Все заржали. Нигма зыркнул на Палыча, и, будто решившись, бодро повернулся ко мне:
– А давайте! – схватил и подставил стакан.
– Охолонись, молодежь. Терпение – добродетель, – ответил я, заканчивая с сервировкой. – Что ты там говорил про зло, Виталя?
– Зло внутри человека. Ждет момента и гадит человеку, чтобы он его выпустил. Шепчет в ухо – у тебя нет бабы, нет машины… Или бабла. Собачит с дружбанами. Вот и бухаешь от зла. До нитки. А человек-то хороший.
– Бабла нет – это общее зло, Виталя. Если бы все так просто… По-твоему, зло – это что-то отдельное от человека?
– Я не знаю. Вон Жума не богаче курицы, а счастливый. Поет. С птицами базарит.
Виталя уже справился с ведром, умудрившись при этом не разрушить костер. Картошка лежала дымящейся горкой рядом с бутылкой водки, аппетитно дополняя остальной закусон.
– Акымак емес, – улыбнулся Жума. Он был очень доволен возможностью свободно высказываться по любому поводу, не подозревая о том, что я вырос в Казахстане и прекрасно понимаю его язык.
Я разлил по стаканам. Под линеечку, как положено. Подняли.
– Ну! За ворота! – выдохнул Палыч.
Опрокинули.
– А вот ты, по-моему, не злой, Виталич, а очень даже добрый, – улыбнулся я.
Виталя вытер руки мятым куском газеты, скомкал его окончательно, зашвырнул навесиком в пламя и уселся рядом со мной.
– Не злой я, Андрюх. Давай по второй.
Я налил. Опрокинули без тоста. Все, кроме бригадира, смотрели на освещаемое костром лицо Виталия. Виталич молчал.
– Ну, у всего есть причина, – сказал я, и, видимо, это была та самая ключевая фраза, которая вкупе с двумя стаканами водяры должна была разблокировать в башке дохляка героя. Потому что он как-то сразу встал, секунды две жестикулировал, типа обращаясь ко мне, и уж потом, разогнавшись таким образом, выпалил:
– Какая нахер причина? Что вы несете? Что вы вообще знаете про добро и зло? Вы сами во всем виноваты. Нет никакого зла. Как стадо баранов! Всему найдете оправдание!
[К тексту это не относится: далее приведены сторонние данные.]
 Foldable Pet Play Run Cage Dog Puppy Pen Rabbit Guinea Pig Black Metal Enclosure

– Ой, мля! Затарахтела тарахтелка… – Палыч поднялся, сделал шаг к Нигме, но тот обернулся: – Отвали от меня нахрен!
На что Палыч вдохновенно вскинулся, это уже была его территория.
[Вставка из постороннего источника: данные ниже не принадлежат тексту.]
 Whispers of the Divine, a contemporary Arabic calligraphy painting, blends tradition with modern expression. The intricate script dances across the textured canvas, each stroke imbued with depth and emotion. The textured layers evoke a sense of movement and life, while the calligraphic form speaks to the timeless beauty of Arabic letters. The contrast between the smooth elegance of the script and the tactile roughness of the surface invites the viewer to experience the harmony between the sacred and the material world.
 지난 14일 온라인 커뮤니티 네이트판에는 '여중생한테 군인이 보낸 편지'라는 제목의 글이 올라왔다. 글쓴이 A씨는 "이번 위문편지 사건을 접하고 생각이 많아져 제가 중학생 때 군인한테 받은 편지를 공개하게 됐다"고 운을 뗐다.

– Ты че, олень? – зашипел он. – Ты кого тут кружить собрался, чепушила? Ты у меня, пес, петухом запоешь!
Студент схватил здоровенный дрын, валявшийся у его ног, шагнул вперед и выдавил с тупой яростью:
– Пошел ты! Ненавижу!
– Ну, давай, – Палыч раскинул руки. – Тебе ж не впервой! А, малыш?
– Да вы че? – Я вскочил. – Завязывай, Палыч! А ты сядь!
Для меня было странным, что ни Жумагали, ни Виталич не впряглись за дохлика, просто остались сидеть как сидели. Студент опустил дрын и пошел прочь от костра. Палыч некоторое время смотрел на темную удаляющуюся фигуру, а потом сказал, не поворачивая головы:
– Ты нихера не знаешь?
– Чего не знаю?
В наступившей тишине было слышно, как трещит костер, а Жумагали вполголоса поет старую песню про Бекежана и Кыз-жибек.
– Не надо, Палыч, – сказал Виталя.
– А че не надо?! Да задолбало! – Палыч повернулся ко мне. – Короче. За неделю до твоего приезда к этому уроду приезжал дружбан, уговаривал вернуться к евонной бабе. Она крутанула хвостом, типа, ну, и он психанул, свалил короче. Как сюда попал, не знаю, – Палыч замолчал. – Ну, короче… Сели посидеть, выпили нормально так. Потрещали. Мы за баб, они за политику. Типа, Крым – не Крым. Бригадир и Виталя спать пошли, а я еще тут был. Дружбан его мозговитый попался, ну и заспорили они. Культурно так, вроде.
Палыч налил всем водки. Выпил и уставился в темноту.
– Ну? – не выдержал я.
– А че ну? Вон он, там, за тем холмом и лежит… Да не, шутю. Студент вскинулся на ровняке, орать стал, типа, гореть вам в аду, вертухаям. Как епнутый. А потом вот этим дрыном его враз и ушатал. Одним ударом по куполу. Схватил «Нннааа, сука», – и нет парня. Ушел. Еле откачали. А ты говоришь… Потом сопли жевал. Типа – была причина. А какая нахер причина? Сидели, ровно базарили. Я не понимаю! Если бы я не вписался, он бы его замочил, ей-богу. Такие, сука, интеллигентские базары…
Было и смешно и мерзко. Я сказал:
– Ну, нет зверя страшнее человека.
– Достал он меня. Смотрит, как на врага народа, сучонок. Дай такому ствол – любого несогласного положит. Ладно, я спать. – Палыч поднялся. – Виталя, туши костер, завтра много работы. Жума уснул, что ли? Не трогай его, пусть спит. Плед на него накинь.
Палыч стянул с себя плед и протянул мне:
– Замерзнет – придет.
* * *Я проснулся от женского крика. Некоторое время лежал в сумерках, пытаясь понять – кричали во сне или наяву. Виталя и Палыч еще спали. На всякий случай я вышел на улицу.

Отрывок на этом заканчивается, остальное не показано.